You know how this works. Mothers only get The Funk when their partners are traveling or when they have some big deadline at work or when the laundry is on broken hiatus. My dear, darling husband is not home to be a buffer of sanity, to take my hand as I dangle on the precipice of the edge of reason.
There’s only one choice on a day like that. You grit your teeth and you do it. You crawl off the sofa to brush your teeth, you cringe and hand over the remote, praying they find something they can agree on for ten minutes. You apologize a million times for not being able to limp out the door for the promised bowling excursion. You bite your tongue at the bickering. Yes, even your own.
For every day when the sprites of sibling joy sprinkle favor, when everyone has done at least one thing they want to do, there are as many days when the Ogre takes over. When Mom just can’t make everyone happy, no, not even for a little while. When no one gets what they want. When plans go horribly awry, as is their wont.
I tried to make up for it. I wanted to give the Ogre the night off. After a short, unrestful nap, we filled our water bottles and dumped scooters and roller blades into the car. We drove to the river, so we could burn some energy.
“It will be fun!” I said, unconvincingly. “You’ll love it,” I told them.
The Ogre does not like taking the day off. I watched the boys scooter off at speeds that made me nervous. I ground my jaw at the complaints of another child who skipped like the arm of a record player in the groove of a album: “It’s hot and I’m tired.”
“Tell me about it,” I mumbled to myself.
I tried to keep four kids from getting killed by the angry and territorial cyclists who always make me twitchy. Then I just settled in and made myself see the golden sun shining off the still surface of the Arkansas River. It was delightful and lovely and the ogre finally took the night off.
Ha ha. Just kidding.
Then one of the boys fell, busting open a great chasm in his face from which blood spurted effortlessly. The other boy got mad that we wouldn’t make it to the park and so he sulked and scooted off back toward the car. At this point, we were a mile and half from the car. Sweat fell in sheets from my forehead as I tried to figure out how to get the kids back to the car, fast, while he basically bled to death. (He didn’t bleed to death; he’s at his house as I type this, sucking down the giant milkshake I bought him.) On our trudge back to the car, I texted my friend who gave me good advice for which I repaid her by texting swears. My heel got a blister the size of a smaller Hawaiian island, which only made me curse the way my running schedule got all jacked up by The Funk.. I walked with one shoe, one bleeding kid, a pair of roller blades and a heaping portion of “I’m so sick of this,” back to the car.

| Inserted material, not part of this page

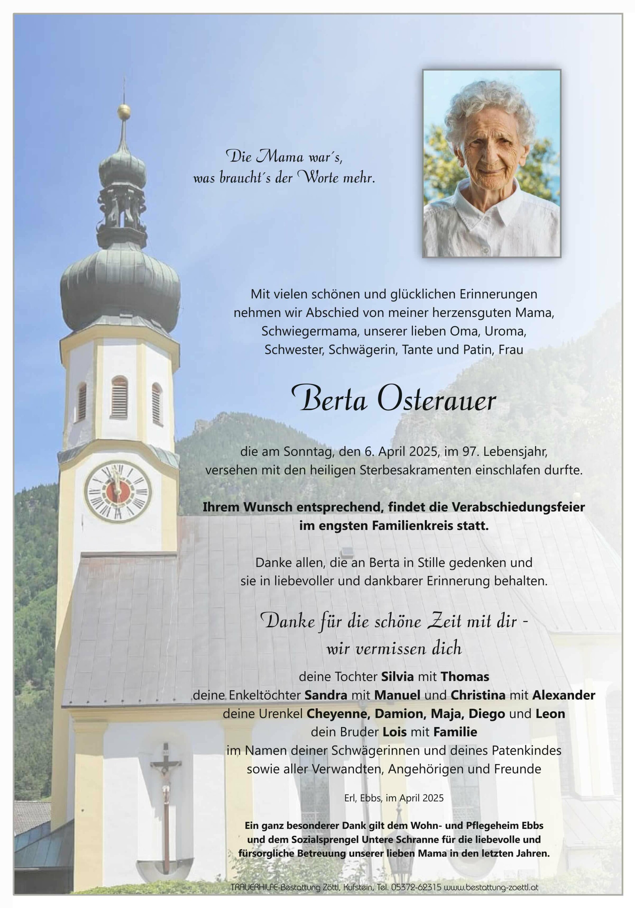 Friedhof Neuer Friedhof Ebbs, † 06.04.2025 (96 Jahre)

I realized at home that the Ogre had stepped out for a bit. The house was cool and quiet and dark. The kids found a way to laugh at the crazy bad day we had (perhaps the giant milkshakes had something to do with that). As the day closed, I had hope when I could have despaired. Hope for a peaceful sleep, hope for a much better day tomorrow. Hope that despite my worst days as a mom, my children are pretty fantastic. Hope that there is always grace. That I get as many do overs as I get days. And maybe the Ogre will lose my address.